On December 5, 2023, three Rohingya Solidarity Organisation (RSO) operatives – Jobair, Anowar Sadik, and Abdul Kasim – were killed in an attack carried out by the Arakan Rohingya Salvation Army (ARSA) in the Ukhiya Upazila (Sub-District) in the Cox’s Bazar District of Chittagong Division.

On November 27, 2023, a Rohingya man, Mohammad Yunus, was shot dead during a gunfight between ARSA and RSO at a refugee camp in Ukhiya.

On November 19, 2023, a Rohingya man, Syed Amin, was killed in a gunfight between rival armed groups of ARSA and RSO in a turf war for dominance at Camp 3 in Ukhiya.

According to partial data compiled by the Institute for Conflict Management (ICM), at least 23 ARSA-linked incidents of violence have been reported in Bangladesh in the current year, thus far (data till December 7, 2023). At least 27 people (11 civilians and 16 militants) have been killed and another eight civilians and one militant were injured in these incidents. According to ICM’s South Asia Terrorism Portal (SATP) database, at least 36 ARSA-linked incidents of violence have been reported inside Bangladesh between March 2017 and December 7, 2023. At least 51 persons (21 civilians, and 30 militants) have been killed and another 40 (11 civilians and 29 militants) injured in these incidents. It may be recalled that, in March 2017, the Harakah al-Yaqin (Movement of Faith) renamed itself ARSA.

SATP data, based on open sources, however, underestimates the magnitude of the problem. As reported on July 7, 2023, according to the Police in Bangladesh as well as Rohingya leaders, at least 57 Rohingyas, including 17 community leaders and 11 ARSA operatives, were killed in clashes between January and June 2023 alone.

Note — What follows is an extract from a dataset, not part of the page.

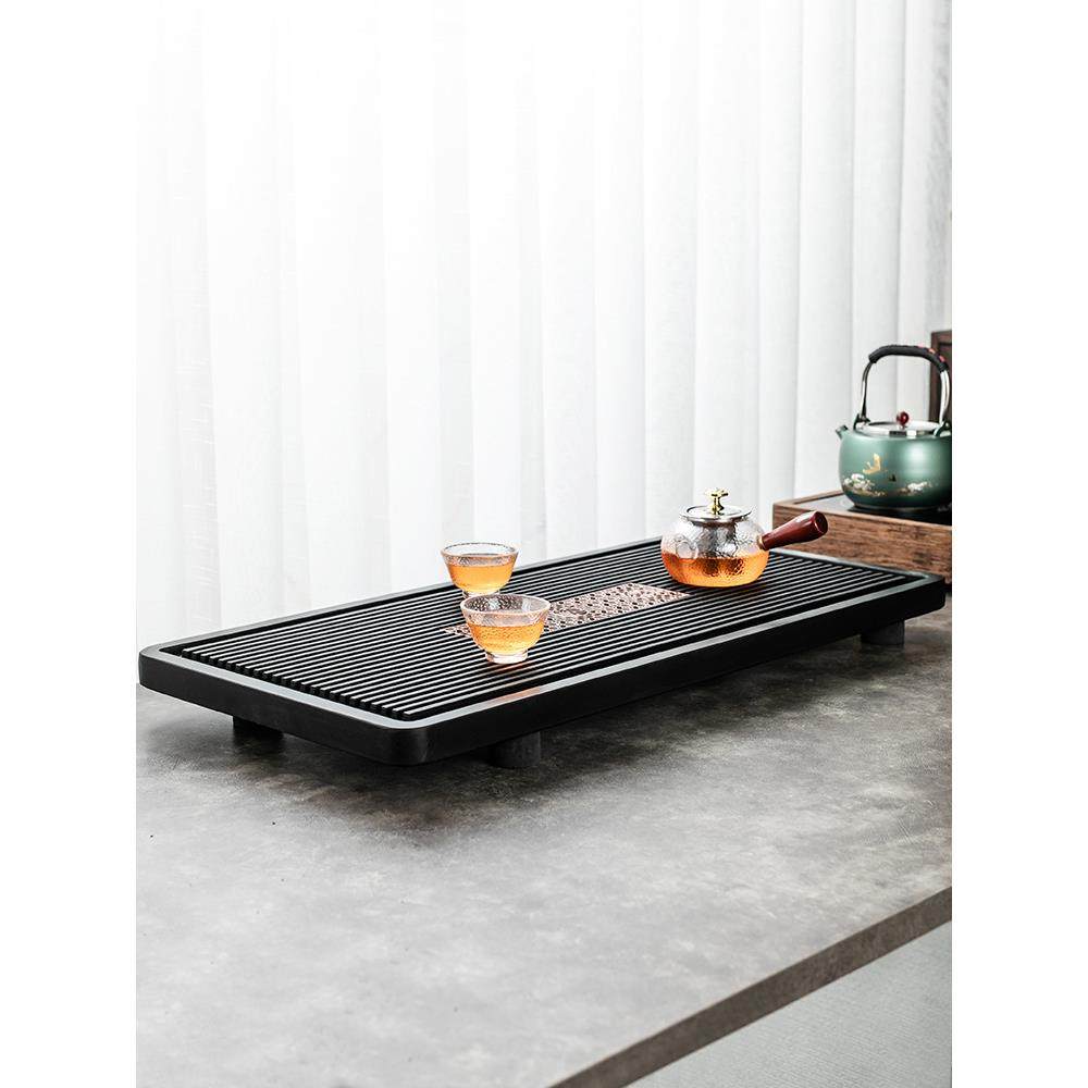 S588整块天然乌金石电木茶盘家用简约中式排水茶盘办公室大气大号

Harakah al-Yaqin was formed in 2012 following lethal riots between Buddhists and Rohingya Muslims in 2012, which killed some 200 people and displaced over 120,000, almost all of them Muslims. Since then, Harakah al-Yakin obtained fatwas from clerics in countries with a significant Rohingya Diaspora, to justify the use of violence against the Myanmar Armed Forces, and it has carried out significant attacks on Security Forces, including multiple coordinated attacks on October 9, 2016, which resulted in the deaths of nine Police Officers in Rakhine State.

Harakah al-Yaqin renamed itself the Arakan Rohingya Salvation Army (ARSA) in March 2017. ARSA came into prominence on August 25, 2017, when the outfit claimed responsibility for attacks within Myanmar when at least 10 Police and one Myanmar Army personnel were killed in attacks on 24 border guard posts, Police Stations, and Army bases by militants in Maungdaw, Buthidaung and Rathedaung townships in the northern Rakhine province of Myanmar. Earlier, on August 15, 2017, in a video uploaded to social media, Ataullah abu Ammar Jununi aka Ata Ullah, the ‘chief’ of the outfit, declared,

Our legitimate self-defence is a necessary struggle justified by the needs of human survival… ARSA has been in Arakan for three years and has not brought any harm or destruction to the life and properties of the Rakhine people and Rohingya.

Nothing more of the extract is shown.